* Information shown
====

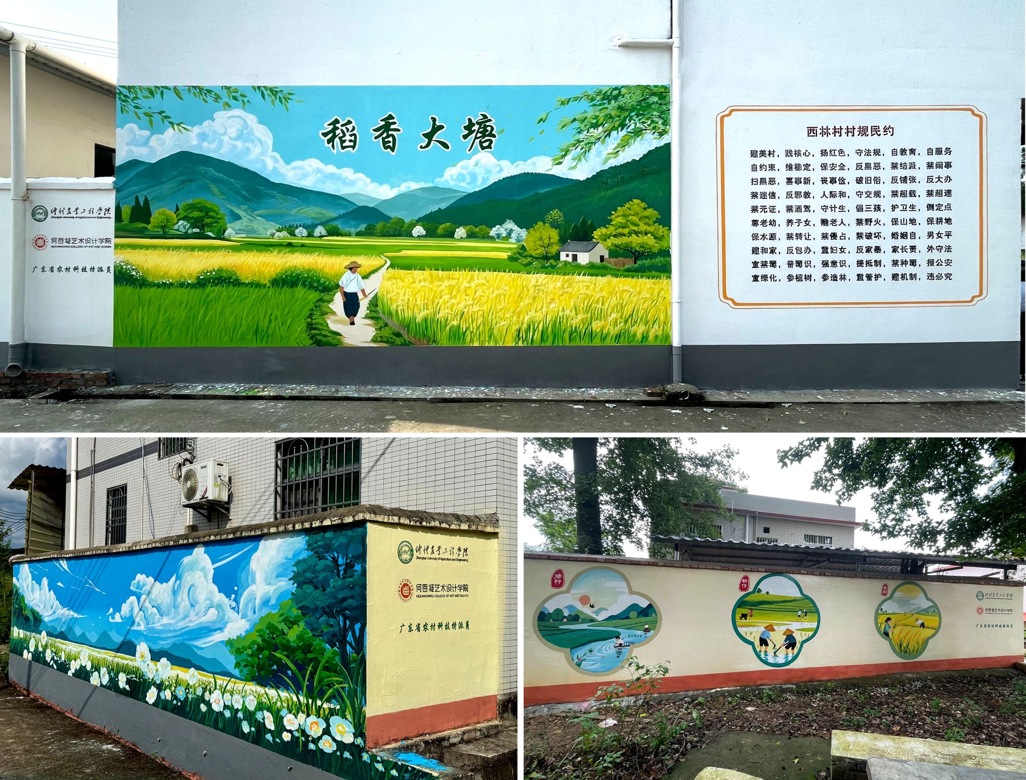 在三下乡实践活动中,我校师生以青春之名,行实践之实,不畏酷暑,满怀热情,展现了当代大学生积极向上、勇于担当的精神风貌。仲恺“绿芒万丈”突击队深入挖掘大塘历史人文、农耕文化及产业特色,将西林村的乡土风情巧妙融入现代艺术中。他们挥汗如雨,历时8天,在黄仕头及苏村村小组创作完成6幅主题鲜明的大型墙绘,总面积达265平方米。画面生动展现了稻穗飘香的丰收盛景与欣欣向荣的乡村新貌,为古朴村落注入蓬勃的文化活力,成为“百千万工程”最亮眼的视觉注脚。同时,实践团队还扎根大塘镇田间地头,挥汗助力花生抢收,在躬身实践中体悟农情,于最朴实的劳作中锤炼品格,以青春担当践行助农使命。
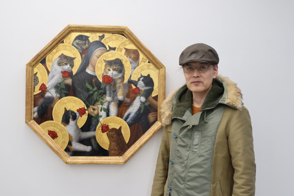 東京青山の骨董通りの小さなギャラリーに、ロシア、ベラルーシ、イタリアなどからの観光客が押し寄せたという画家・川井徳寛さんの個展「川井徳寛─猫礼賛祭壇画─」(2025年11月開催)。ギャラリーGYOKUEI(玉英)のオーナーの玉屋喜崇さんも、川井さんご自身も予想もしていない出来事だった。本展の作品は、初期ルネサンスの宗教画を彷彿させるが、絵画の主役が「猫」である。鑑賞者を不思議な世界に誘う川井さんがたどり着いた独自の油性テンペラ技法の開発や作品への思いなどをお聞きした。
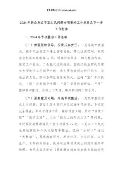 【七哥公文】2024年:2024年群众身边不正之风问题专项整治工作总结及下一步工作打算+更多免费公文+VX:QiGeGongWen2024

====

Print the stretch of the data from the line with "東京青山の骨董通りの小さなギ" through its last line, exactly and with both ends kept. Omit pictures.

 東京青山の骨董通りの小さなギャラリーに、ロシア、ベラルーシ、イタリアなどからの観光客が押し寄せたという画家・川井徳寛さんの個展「川井徳寛─猫礼賛祭壇画─」(2025年11月開催)。ギャラリーGYOKUEI(玉英)のオーナーの玉屋喜崇さんも、川井さんご自身も予想もしていない出来事だった。本展の作品は、初期ルネサンスの宗教画を彷彿させるが、絵画の主役が「猫」である。鑑賞者を不思議な世界に誘う川井さんがたどり着いた独自の油性テンペラ技法の開発や作品への思いなどをお聞きした。
 【七哥公文】2024年:2024年群众身边不正之风问题专项整治工作总结及下一步工作打算+更多免费公文+VX:QiGeGongWen2024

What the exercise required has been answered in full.